Assume $\beta_{0}=10, \beta_{xy} = -5, \beta_{zy} = 10$ (coefficients are in %).
China-Young: $\text{CFR}\left(0, 0\right) = P\left(Y_i =1 | X_i=0, Z_i=0 \right) = \beta_{0} = 10\%$
China-Old: $\text{CFR}\left(0, 1\right) = P\left(Y_i =1 | X_i=0, Z_i=1 \right) = \beta_{0} + \beta_{zy} = 20\%$
Italy-Young: $\text{CFR}\left(1, 0\right) = P\left(Y_i =1 | X_i=1, Z_i=0 \right) = \beta_{0} + \beta_{xy} = 5\%$
Italy-Old: $\text{CFR}\left(1, 1\right) = P\left(Y_i =1 | X_i=1, Z_i=1 \right) = \beta_{0} + \beta_{xy} + \beta_{zy} = 15\%$
Let’s generate artificial data consistent with the DGP.
Suppose we have N=200 observations (half China, half Italy).
Suppose 80% of China’s population is young $Z_{i} =0$ and 20% is old $Z_{i} = 1$.
Suppose 20% of Italy’s population is young $Z_{i} =0$ and 80% is old $Z_{i} = 1$.
1) Let’s estimate the unconditional probability of death from COVID-19 in this data:
\(Y_{i} = \beta_{0} + \varepsilon_{i}\)
2) Let’s estimate the probability of death from COVID-19 conditional only on country:
\(Y_{i} = \beta_{0} + \beta_{xy} X_{i} + \varepsilon_{i}\)
3) Let’s estimate the probability of death from COVID-19 conditional on country and age:
\(Y_{i} = \beta_{0} + \beta_{xy} X_{i} + \beta_{zy} Z_{i} + \varepsilon_{i}\)
Summarize $P\left( \text{Death from COVID-19 } | \text{ Country, Age} \right)$ in the following table:
$$\begin{array}{|lll|}\hline & \text{Young}({Z}_{i}=0)& \text{Old}({Z}_{i}=1)\\ \text{China}({X}_{i}=0)& 10\mathrm{\%}& 20\mathrm{\%}\\ \text{Italy}({X}_{i}=1)& 5\mathrm{\%}& 15\mathrm{\%}\\ \hline\end{array}$$
Without conditioning on age, patients in Italy have a 1% higher probability of Death than China (13% vs 12%).
Conditioning on age, patients in Italy have a 5% lower probability of Death than China within both age brackets.
Next we will show how Simpson’s paradox is a special case of OVB.
Suppose the true model is:
\(Y_{i} = \beta_{0} + \beta_{xy} X_{i} + \beta_{zy} Z_{i} + \nu_{i}\)

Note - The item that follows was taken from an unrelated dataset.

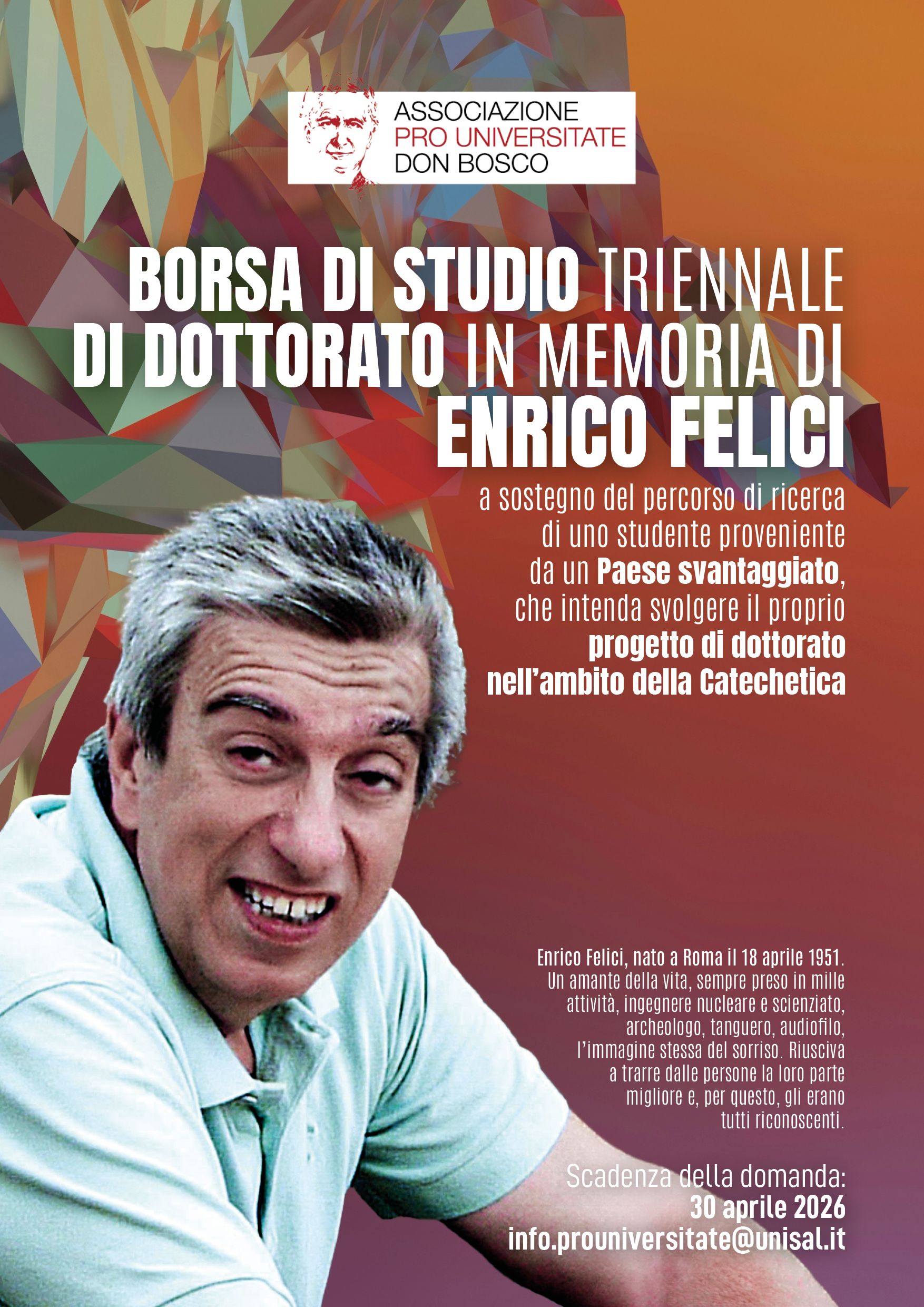 Borsa di studio triennale di Dottorato in memoria di Enrico FeliciTermine per la presentazione delle domande relative al Bando per la Borsa di studio triennale di Dottorato in memoria di Enrico Felici, a sostegno del percorso di ricerca di uno studente proveniente da un Paese svantaggiato, che intenda svolgere il proprio progetto di dottorato nell’ambito della Catechetica. UPS |

Suppose you omit $Z_{i}$ and instead estimate:
\(Y_{i} = \beta_{0} + \beta_{xy} X_{i} + u_{i} \Rightarrow u_{i} = \beta_{zy} Z_{i} + \nu_{i}\)

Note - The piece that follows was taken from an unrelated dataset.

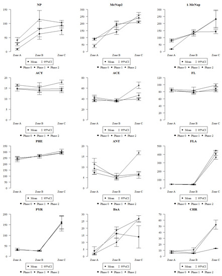 In the case of zone B interaction with phase 1, we observe that the regression parameter is −130.782; therefore, this combination of zone and phase additionally reduces SUM.PAH by an average of −130.782 µg/kg. A decrease by −192.443 µg/kg is also observed when analysing the interaction of zone B with phase 2.

Suppose $X_{i}$ predicts $Z_{i}$:
\(Z_{i} = \delta_{xz} X_{i} + w_{i} \Rightarrow \delta_{xz} = \frac{\sigma_{xz}}{\sigma_{x}^2} = \rho_{xz}\times \frac{\sigma_{z}}{\sigma_{x}}\)

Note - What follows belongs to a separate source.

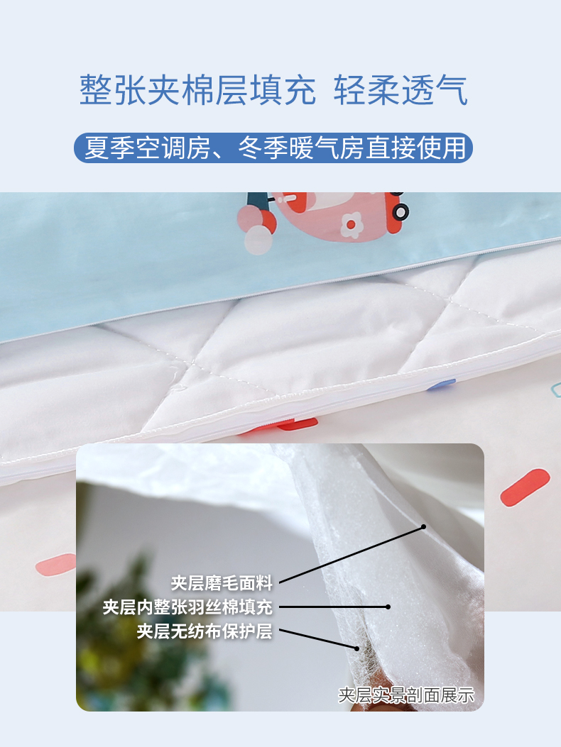 功能特点:夹棉被套可作夏凉被 一款两用 抗菌抑菌

Denote the OLS estimate (from the equation that omits age) $\hat{\beta}_{xy}$.
We have:
$E\left[ \hat{\beta}_{xy} | X_{i} \right] = \beta_{xy} + \underbrace{\delta_{xz} \beta_{zy}}_{\text{Bias}}$ (derivation below^{1})
$
\text{Bias} = \delta_{xz} \beta_{zy} = \left( \rho_{xz}\times \frac{\sigma_{z}}{\sigma_{x}} \right)
\times
\left( \rho_{zy}\times \frac{\sigma_{y}}{\sigma_{z}} \right) = \rho_{xz}\times \rho_{zy} \times \frac{\sigma_{y}}{\sigma_{x}}
$
The bias is the product of
(1) the impact of the treatment on the OV $\delta_{xz}$
and
(2) the impact of the OV on the outcome $\beta_{zy}$.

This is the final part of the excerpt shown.